I have the following problem
Prove that if $X$ is a pointed cone then there exists a vector $c$ such that $c^Tx>0$ for all nonzero $x \in X$.
For this, I seem to have a simple solution as follows:
Suppose to the contrary that, $c^Tx \le 0$ for every $c \in \mathbb R^n$ and for all nonzero $x \in X$. That means, if we fix a nonzero vector $d \in \mathbb R^n$ then $d^Tx \le 0$ and $(-d)^Tx \le 0$ for all nonzero $x \in X$. Therefore, $d^Tx \le 0 \le d^Tx$ which implies $d^Tx=0$. Hence, $X$ contains a hyperplane $d^T x= 0$ i.e. $X$ contains a straight line which is a not pointed cone.
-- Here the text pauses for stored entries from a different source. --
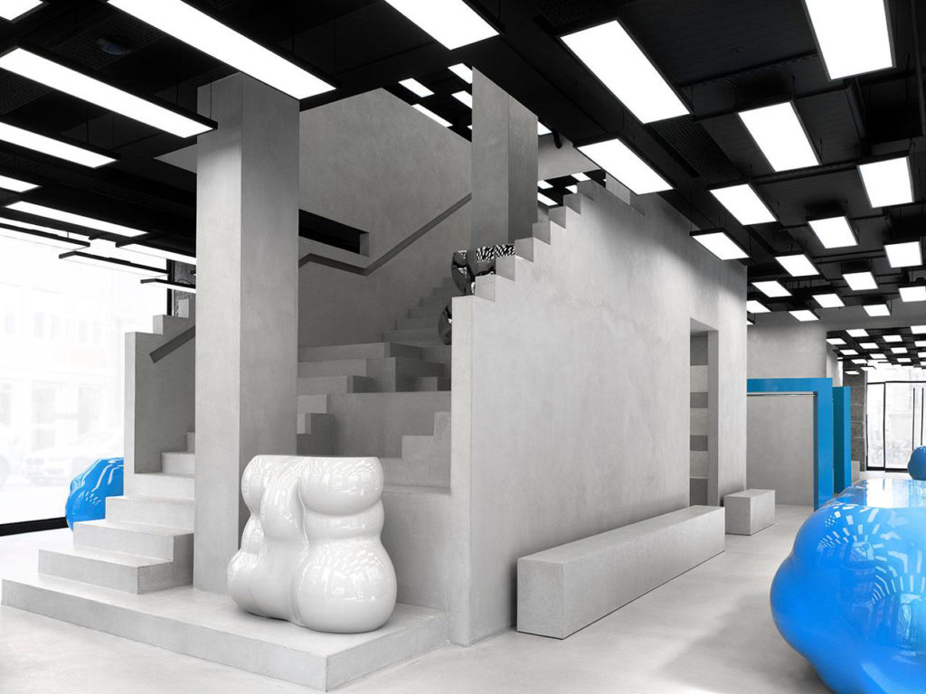 A central concrete staircase anchors the ground floor, its geometric slab steps taking on an MC Escher-like feel. Jesmonite fixtures – coated in high-gloss cerulean and bright green lacquer – act as podiums for footwear and products. Meanwhile, while LED panels cross the blackened ceiling, creating a checker-board effect.
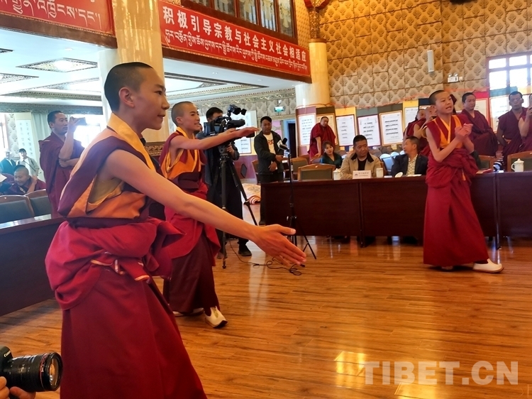 據了解,與傳統(tǒng)寺廟教育相比,西藏佛學院開設有文化課和佛學兩大體系,天資聰慧的少年活佛們在校期間已經開始研習含義深刻、博大精深的《五部大論》《入菩薩行論》等佛教經典作品,目前已經可以流暢地背誦部分經典。在當日的學習成果匯報展示會上,少年活佛們不僅展示了藏漢雙語朗誦、藏漢文書法、英語情景劇等,也為大家?guī)砹恕度肫兴_行論》第一章的背誦展示和辯經展示。
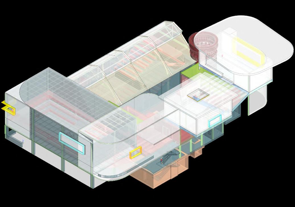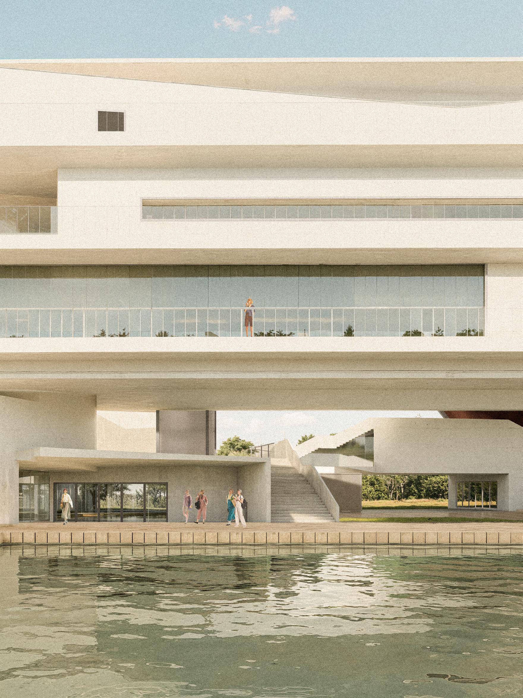 The building is structured around two primary cores that link all programmatic components. Three tempered-glass elevator shafts enhance vertical circulation with a high degree of transparency, enabling visitors to visually engage with the interior and clearly understand where they are headed.
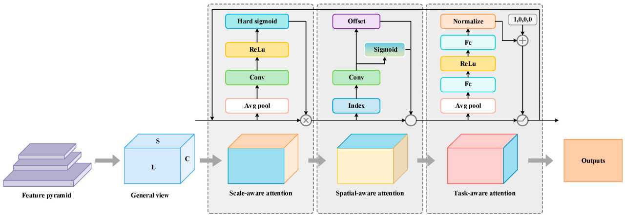 Dynamic Head получает выходы от различных уровней Neck и выполняет увеличение или уменьшение масштаба для унификации масштаба, создавая 4-мерный тензор 𝐹∈𝑅𝐿×𝐻×𝑊×𝐶. Если выразить как 𝑆=𝐻×𝑊, выход представляет собой 3-мерный тензор 𝐹∈𝑅𝐿×𝑆×𝐶. Dynamic Head применяет механизмы внимания к различным измерениям, с конкретными расчетами, показанными в Уравнении (2).
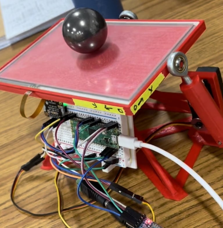 Designed a stainless steel ball stabilization system using Bluetooth-based selective positioning and a P.I.D. controller, implemented on a Raspberry Pi Pico platform.
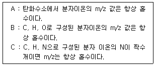 저분해능 질량스펙트럼의 해석에 유용한 정보를 기술하였다. 타당한 것으로 짝지어진 것은?
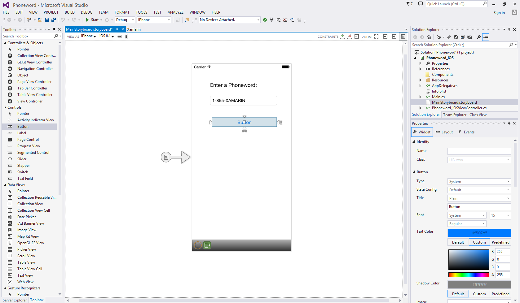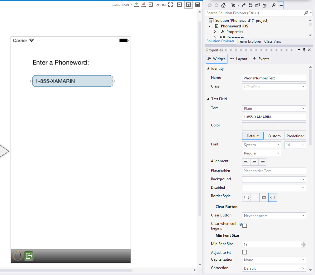 With the Text Field selected on the design surface, change the Text Field’s Name property in the Identity section of the Properties to PhoneNumberText, and change the Title property to "1-855-XAMARIN":
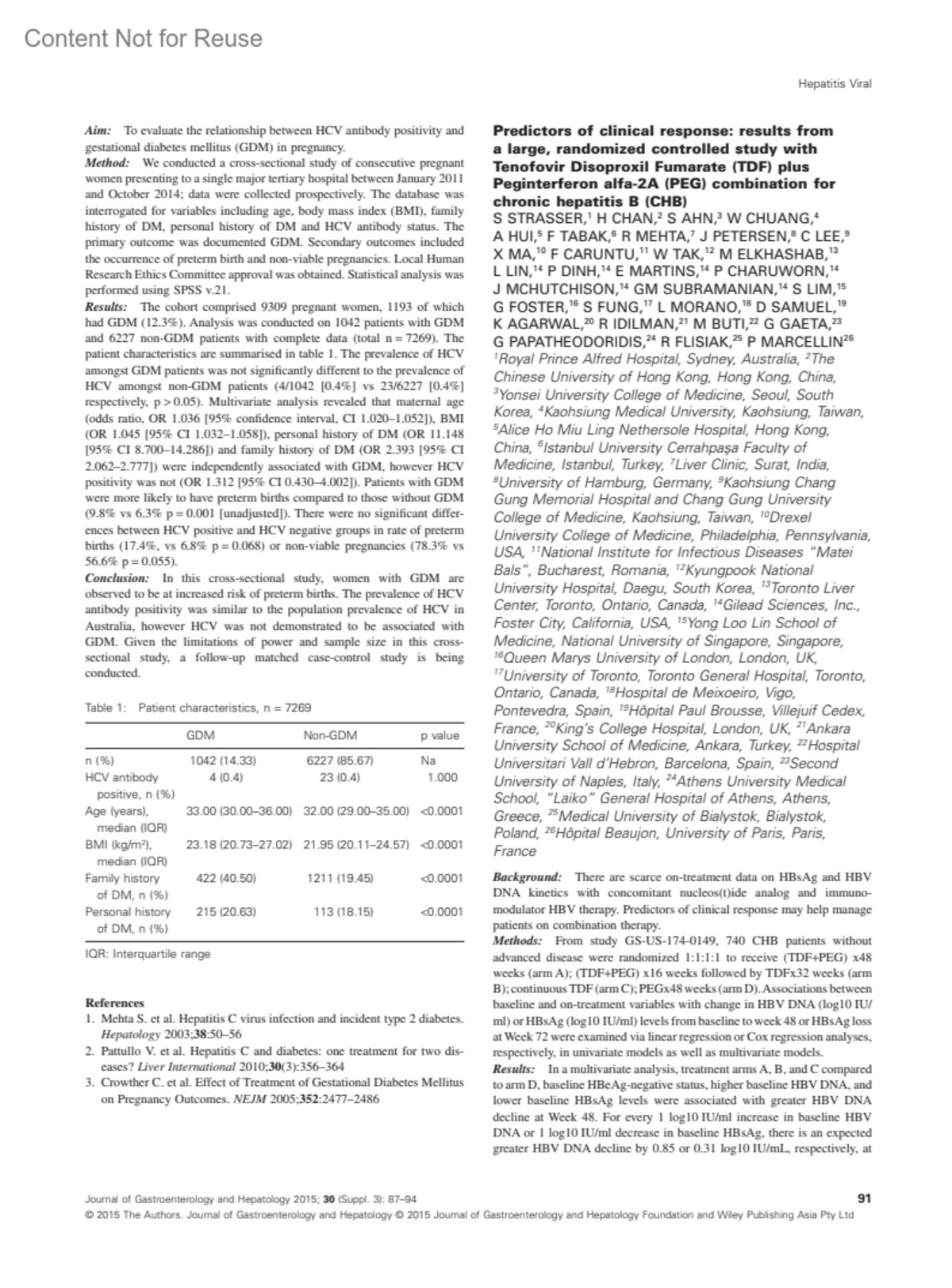 1Royal Prince Alfred Hospital, Sydney, Australia,2The Chinese University of Hong Kong, Hong Kong, China,3Yonsei University College of Medicine, Seoul, South Korea,4Kaohsiung Medical University, Kaohsiung, Taiwan,5Alice Ho Miu Ling Nethersole Hospital, Hong Kong, China,6Istanbul University Cerrahpaşa Faculty of Medicine, Istanbul, Turkey,7Liver Clinic, Surat, India,8University of Hamburg, Germany,9Kaohsiung Chang Gung Memorial Hospital and Chang Gung University College of Medicine, Kaohsiung, Taiwan,10Drexel University College of Medicine, Philadelphia, Pennsylvania, USA,11National Institute for Infectious Diseases “Matei Bals”, Bucharest, Romania,12Kyungpook National University Hospital, Daegu, South Korea,13Toronto Liver Center, Toronto, Ontario, Canada,14Gilead Sciences, Inc., Foster City, California, USA,15Yong Loo Lin School of Medicine, National University of Singapore, Singapore,16Queen Marys University of London, London, UK,17University of Toronto, Toronto General Hospital, Toronto, Ontario, Canada,18Hospital de Meixoeiro, Vigo, Pontevedra, Spain,19Hôpital Paul Brousse, Villejuif Cedex, France,20King's College Hospital, London, UK,21Ankara University School of Medicine, Ankara, Turkey,22Hospital Universitari Vall d'Hebron, Barcelona, Spain,23Second University of Naples, Italy,24Athens University Medical School, “Laiko” General Hospital of Athens, Athens, Greece,25Medical University of Bialystok, Bialystok, Poland,26Hôpital Beaujon, University of Paris, Paris, France
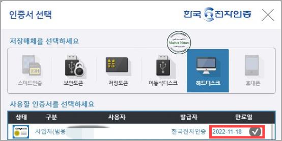 (6) 다시 인증서 선택 화면에서 동일하게 선택 후 인증서 비밀번호를 입력합니다.
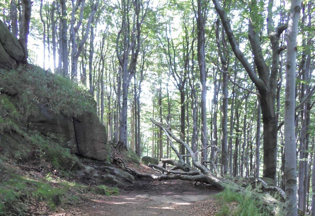 my dneska chodili u Efe za humny - zdolali vrchol Velké Bukové, obešli Malou Bukovou, koukli na Vavrouškův rybník (zarůstá rákosím a lekníny)… a chodili hlavně po cestách neznačených a nezpevněných. Moc hezky tam v bývalém ruském vojenském prostoru bylo. Pes je zcela mrtev, neboť byl plný elánu a krásně se vyblbnul v občas nejednoduchém terénu (sestup z Velké Bukové neměl chybu, tolik padlých bukových velikánů už jsem dlouho nepřelézala a cestička tam byla prošlapaná… a výhledy krásné)
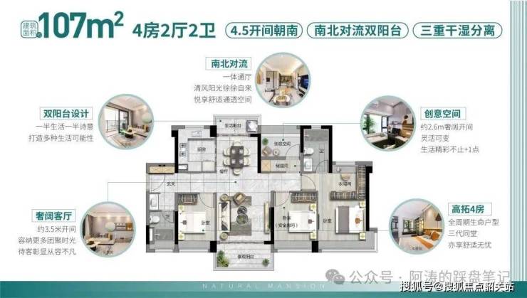 超大空间:建筑面积约107㎡,南北对流双阳台四房设计,空间阔绰,功能分区明确。
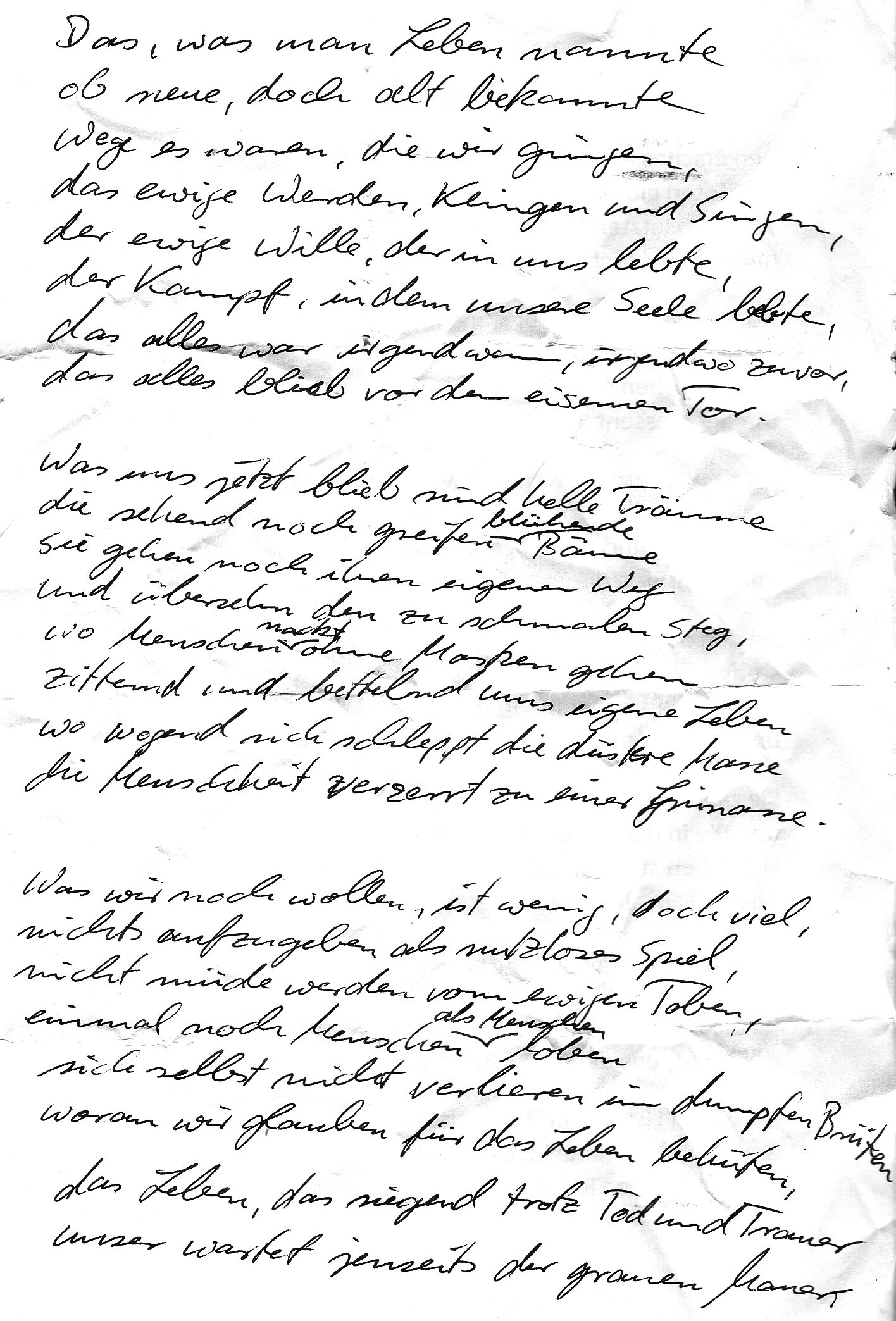 „Viele Gedichte habe ich mir in meiner Lagerzeit ausgedacht. Keine wertvollen Dichtungen, nur meine Gedanken über jeweils Erlebtes, in schlaflosen Nächten Zusammengereimtes. Sätze, die mich gegen die Grausamkeit, die um mich wütete, abschirmen sollten. Ich habe sie dann auf zerknüllte Papierfetzen, die der SS-Arzt in den Papierkorb warf, geschrieben und an einem versteckten Ort aufbewahrt. Alle diese Zettel gingen mir verloren, nur einige Gedichte habe ich im Gedächtnis behalten und sie nach unserer Befreiung aufgeschrieben – ohne zu wissen, ob sie jemals jemand lesen würde.“ (Antonia Bruha)
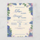 Invitación a la boda romántica con flores azules y
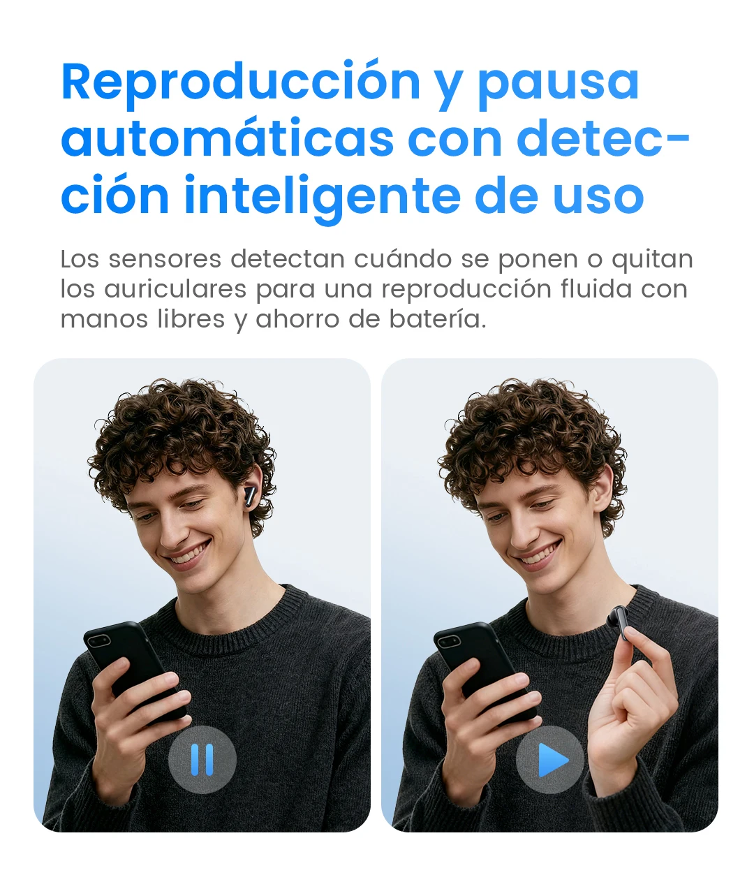 Los sensores detectan cuándo los auriculares están dentro o fuera para una reproducción manos libres y sin interrupciones, además de ahorrar batería.
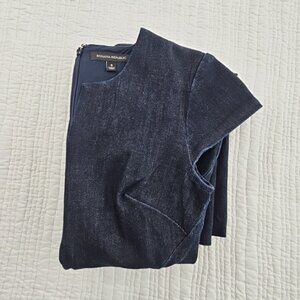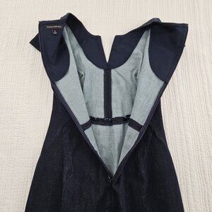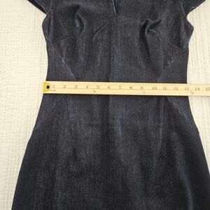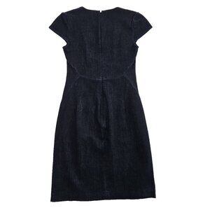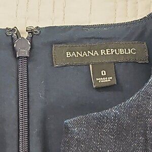 The Banana Republic Angled Seam Pencil Dress is a stylish and versatile option for women in size 0. This navy dress features a V-neckline, sleeveless design, and a zipper closure for a sleek look. Made from a comfortable cotton blend denim fabric, this knee-length dress is perfect for various occasions such as workwear, parties, or casual outings.

It contradicts to our assumption.
Any comment is greatly appreciated.
Intuition, It suggests that the Cone "Opening" is less than 180 Degrees which means it is pointed.
Suppose to the contrary that $ \forall d \in \mathbb{R}^{n}, \; {d}^{T} x \le 0 $ for any $ x \in X $.
Specifically one could chose $ d \neq 0 $ which yields:
$$ {d}^{T} x \le 0, \; -{d}^{T} x \le 0 $$
Assuming the Cone $ X $ includes items besides the zero point then:
$$ {d}^{T} x \leq 0 \Rightarrow -{d}^{T} x \geq 0 $$
Yet by out assumption $ -{d}^{T} x \leq 0 $ hence $ {d}^{T} x = 0 $ which suggests the set $ \left\{ x \mid {d}^{T} x = 0 \right\} \subseteq X $, namely there is an Hyperplane inside $ X $ which suggests there is a line in $ X $ which is a contradiction to the assumption $ X $ is pointed Cone.